问题
So with my code below I want to open an apartment website URL and scrape the webpage. The only issue is that Beautiful Soup isn't waiting until the entire webpage is rendered. The apartments aren't rendered in the html until they are loaded on the page, which takes a few seconds. How do I fix this?
from urllib.request import urlopen as uReq
from bs4 import BeautifulSoup as soup
my_url = 'https://xxxxx.com/properties/?sort=latest'
uClient = uReq(my_url)
page_html = uClient.read()
uClient.close()
page_soup = soup(page_html, "html.parser")
containers = page_soup.findAll("div",{"class":"grid-item"})
#len(containers) is empty since the contents haven't been loaded yet!
回答1:
If you want to wait for the page to fully load its data you should think about using selenium, in your case it could look like this:
from bs4 import BeautifulSoup
from selenium.webdriver import Chrome
from selenium.webdriver.chrome.options import Options
url = "<URL>"
chrome_options = Options()
chrome_options.add_argument("--headless") # Opens the browser up in background
with Chrome(options=chrome_options) as browser:
browser.get(url)
html = browser.page_source
page_soup = BeautifulSoup(html, 'html.parser')

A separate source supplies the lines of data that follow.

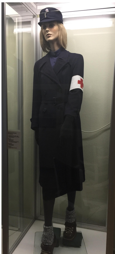
Kuvio 5. Sairaanhoidajan kenttäasu sotatoimialueella 1939–1945. (Husu ja Kinnarinen 2016.)

Tilanteet saattoivat muuttua nopeasti ja sairaalat vaihtoivat usein paikkaa. Päälikkölääkäri saattoi ilmestyä leikkaussaliin ja ilmoittaa kenttäsairaalan vaihtavan paikkaa ja uuden sairaalan tuli olla toimintavalmiina uudessa paikassa seuraavana aamupäivänä. Sairaaloitten oli pysyttävä sotilaiden mukana. Muutoissa sairaanhoitajat joutuivat pakkaamaan tavaroita kiireessä, määrättyssä järjestyksessä ja mahdollisimman puhtaasti. Esimerkiksi parissa tunnissa yksi leikkaussali oli saatu kuljetusvalmiuteen ja uudessa paikassa leikkaussali oli saatu pystyyn nopeasti ja 15 minuutin kuluttua saattoi pöydällä olla jo potilas. (Me autoimme: sairaanhoitajien sotamuistelmia 1951: 39.)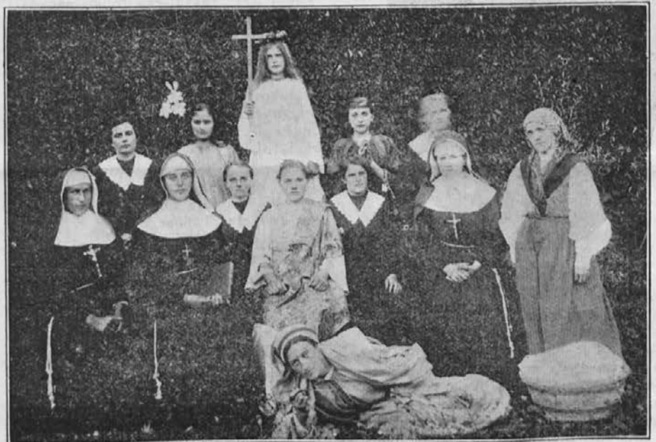
Dekleta Marijine Družbe v Semiču, na Dolenjskem v igri "Sv. Ludmila."

Odgovor: Santa Claus je pokvarjeno iz Saint Nicholas. Če Saint Nicholas hitro izgovarjate, kakor izgovarja pravi trdi Amerikanec, pa se bode res slišalo kakot nekaj Santa Claus. Amerikanski Santa ni nič drugega kakor naš navadni sveti Miklavž. — Da so svetega Miklavža pokvarili v "Santa Claus" si lahko razlagamo tudi iz tega, da se Angleži, koder je ta navada, hudi nasprotniki katoliške cerkve in torej tudi katoliških svetnikov. Sv. Miklavž je pa svetnik katoliške cerkve, Velik škof v Patari v Liciji v Aziji je bil, kjer je silno veliko dobrega storil za svoje vernike. Pred vsem je trem dekletom nekega meščana preskrbel dete, katero jim je ponoči vrigel skozi okno, kajti poročile bi se bile rade, pa njih oče ni imel primerne dote in jih je mislil že moralno prodati. Radi sovraštva Angležev do katoliške cerkve in katoliškega duhovništva si tudi lahko razlagamo, da so začeli na Angleškem mesto našega pravega sv. Miklavža v škofovi obleki slikati ga kakor starega moža z veliko sivo brado. Prestavili so ga tudi s 6. decembrom na Božič. — Da ga slikajo z dimnikom pa izvira iz tega, ker so mu na Angleškem nastavljali na "mantle piece" poleg ognjišča. Otroci so tja obešali svoje od snega zmočene nogavice, da so se posušile do jutra in stariši so kar v te nogavice devali darove in so rekli otrokom, da je ta Santa Claus prišel skozi dimnik v hišo in tam napolnil nogavice z darovi.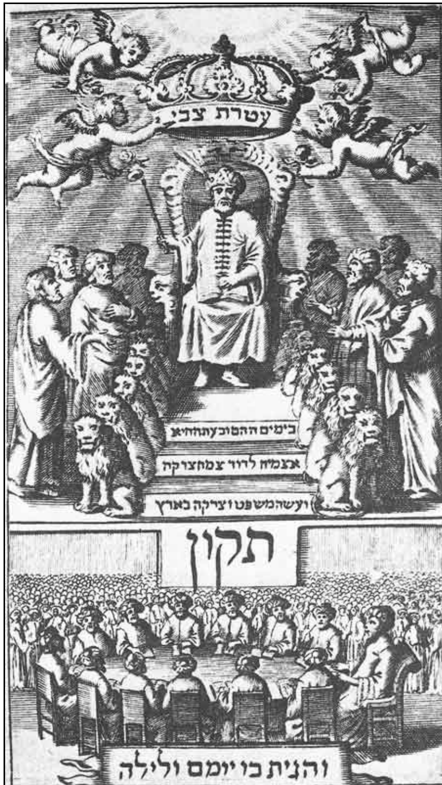
Sabatai Sevi als Messias, sitzend auf dem königlichen Thron, unter einer himmlischen Krone, die von Engeln gehalten wird und die Inschrift trägt: "Krone von Sevi." Unten: die Zehn Stämme beim Studieren der Thora mit dem Messias. Nach einem Kupferstich auf der Titelseite einer der Ausgaben von Nathans Tiqqun Qeri'ah (Amsterdam 1669)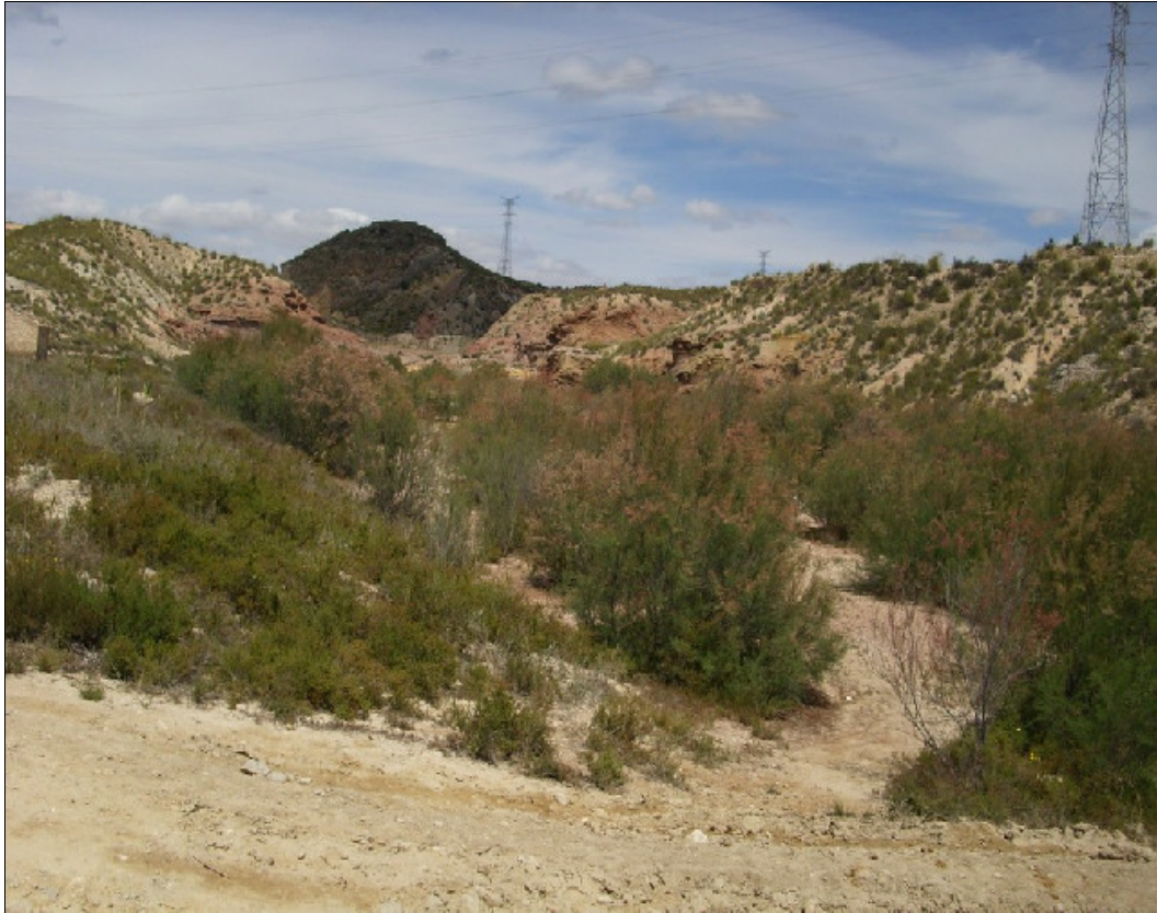
Foto del entorno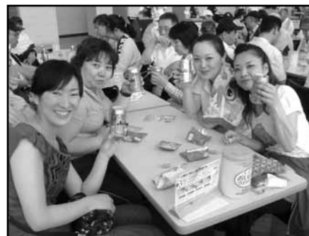
華やかな試飲会場

お待ちかねのビール試飲会場では、ギャル達が美味しそうにビールを飲み干す姿が、まぶしく感じられました。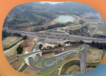
AR 小城スマートインターチェンジ

containers = page_soup.findAll("div",{"class":"grid-item"})
回答2:
I'm happy with requests_html library. It will render Dynamic HTML for you. And is much simpler to implement than Selenium.

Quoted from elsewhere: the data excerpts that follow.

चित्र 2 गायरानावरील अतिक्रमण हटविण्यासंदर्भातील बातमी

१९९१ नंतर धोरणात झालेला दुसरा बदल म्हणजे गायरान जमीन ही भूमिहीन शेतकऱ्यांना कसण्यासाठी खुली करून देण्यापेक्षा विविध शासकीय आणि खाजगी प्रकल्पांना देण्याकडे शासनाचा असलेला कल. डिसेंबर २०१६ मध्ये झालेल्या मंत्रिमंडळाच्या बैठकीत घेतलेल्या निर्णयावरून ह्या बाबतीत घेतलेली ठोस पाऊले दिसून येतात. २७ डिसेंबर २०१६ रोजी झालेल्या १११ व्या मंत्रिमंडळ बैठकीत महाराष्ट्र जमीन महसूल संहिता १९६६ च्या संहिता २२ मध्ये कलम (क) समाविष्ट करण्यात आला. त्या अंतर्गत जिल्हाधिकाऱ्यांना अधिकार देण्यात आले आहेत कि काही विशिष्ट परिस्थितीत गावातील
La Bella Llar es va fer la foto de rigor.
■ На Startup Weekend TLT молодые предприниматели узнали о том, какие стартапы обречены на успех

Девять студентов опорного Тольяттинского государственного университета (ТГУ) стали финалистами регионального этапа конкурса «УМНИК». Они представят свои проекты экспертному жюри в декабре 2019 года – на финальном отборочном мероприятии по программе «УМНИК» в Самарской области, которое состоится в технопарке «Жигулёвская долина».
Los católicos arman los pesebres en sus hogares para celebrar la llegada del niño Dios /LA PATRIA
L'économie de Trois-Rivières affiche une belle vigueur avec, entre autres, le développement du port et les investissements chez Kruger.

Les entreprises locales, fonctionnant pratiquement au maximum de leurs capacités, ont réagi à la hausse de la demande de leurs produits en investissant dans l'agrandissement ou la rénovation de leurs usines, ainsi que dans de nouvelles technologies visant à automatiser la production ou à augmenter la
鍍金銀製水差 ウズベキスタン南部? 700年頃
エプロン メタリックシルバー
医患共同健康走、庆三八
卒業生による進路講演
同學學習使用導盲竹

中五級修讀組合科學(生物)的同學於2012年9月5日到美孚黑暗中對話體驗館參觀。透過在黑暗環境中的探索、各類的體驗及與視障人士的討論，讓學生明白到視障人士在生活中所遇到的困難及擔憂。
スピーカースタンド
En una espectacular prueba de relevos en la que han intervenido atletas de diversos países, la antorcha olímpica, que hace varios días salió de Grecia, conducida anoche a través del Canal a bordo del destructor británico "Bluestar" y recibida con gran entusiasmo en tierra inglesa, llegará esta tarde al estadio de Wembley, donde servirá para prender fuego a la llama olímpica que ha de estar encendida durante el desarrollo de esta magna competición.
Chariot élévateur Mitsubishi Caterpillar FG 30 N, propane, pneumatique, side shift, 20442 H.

from requests_html import HTMLSession
import pyppdf.patch_pyppeteer
from bs4 import BeautifulSoup
url = 'https://xxxxx.com/properties/?sort=latest'
session = HTMLSession()
resp = session.get(link)
resp.html.render()
html = resp.html.html
page_soup = BeautifulSoup(html, 'html.parser')
containers = page_soup.find_all("div", {"class": "grid-item"})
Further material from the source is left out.